**What you have to do**
Your task is to output the listing word for word, with pictures excluded.
BEGIN Dataset extract
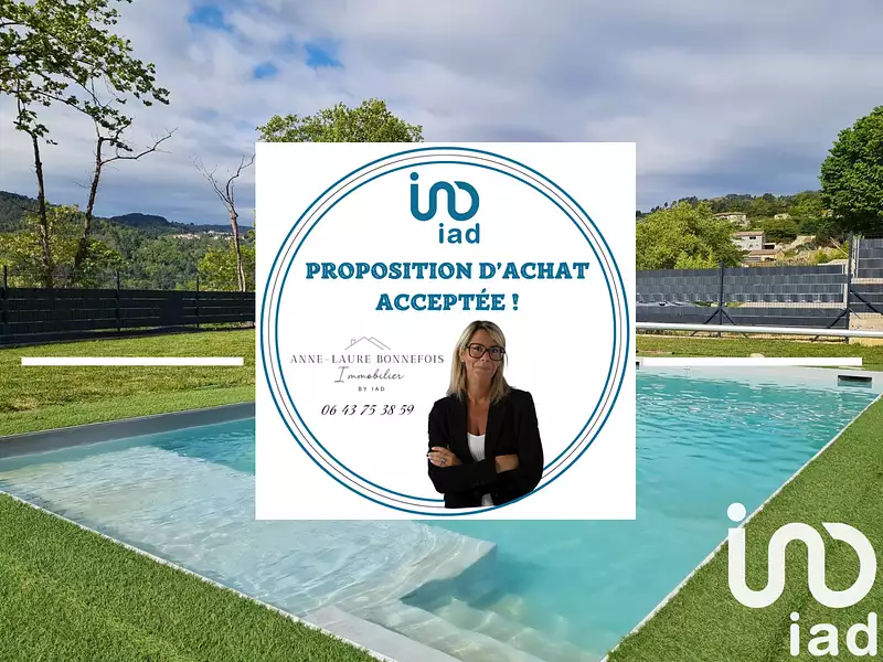 iad France - Anne-Laure Bonnefois vous propose: LES OLLIÈRES SUR EYRIEUX – Au cOEur de la vallée de l'Eyrieux, cette magnifique villa CONTEMPORAINE de plain-pied vous séduira par ses PRESTATIONS haut de gamme et son CONFORT absolu. Nichée sur un terrain paysagé de 1340 m² environ, avec piscine CHAUFFÉE et DOUBLE GARAGE, cette propriété n'attend que vous !
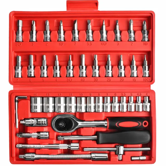 Set sestavljen iz 46 elementov je pakiran v praktičnem kovčku. Orodja se bodo uporabljala pri številnih popravilih v delavnicah ali doma, z njimi boste lahko privili številne vrste vijakov, prav tako vam bodo omogočili zamenjavo vžigalnih svečk.
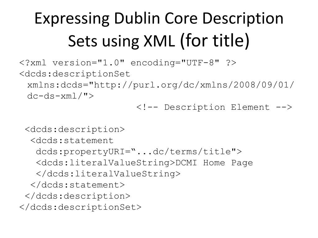 Expressing Dublin Core Description Sets using XML(for title) <?xml version="1.0" encoding="UTF-8" ?> <dcds:descriptionSet xmlns:dcds="http://purl.org/dc/xmlns/2008/09/01/dc-ds-xml/"> <!-- Description Element --> <dcds:description> <dcds:statement dcds:propertyURI=“...dc/terms/title"> <dcds:literalValueString>DCMI Home Page </dcds:literalValueString> </dcds:statement> </dcds:description> </dcds:descriptionSet>
END Dataset extract
**Solution for this problem**
 iad France - Anne-Laure Bonnefois vous propose: LES OLLIÈRES SUR EYRIEUX – Au cOEur de la vallée de l'Eyrieux, cette magnifique villa CONTEMPORAINE de plain-pied vous séduira par ses PRESTATIONS haut de gamme et son CONFORT absolu. Nichée sur un terrain paysagé de 1340 m² environ, avec piscine CHAUFFÉE et DOUBLE GARAGE, cette propriété n'attend que vous !
 Set sestavljen iz 46 elementov je pakiran v praktičnem kovčku. Orodja se bodo uporabljala pri številnih popravilih v delavnicah ali doma, z njimi boste lahko privili številne vrste vijakov, prav tako vam bodo omogočili zamenjavo vžigalnih svečk.
 Expressing Dublin Core Description Sets using XML(for title) <?xml version="1.0" encoding="UTF-8" ?> <dcds:descriptionSet xmlns:dcds="http://purl.org/dc/xmlns/2008/09/01/dc-ds-xml/"> <!-- Description Element --> <dcds:description> <dcds:statement dcds:propertyURI=“...dc/terms/title"> <dcds:literalValueString>DCMI Home Page </dcds:literalValueString> </dcds:statement> </dcds:description> </dcds:descriptionSet>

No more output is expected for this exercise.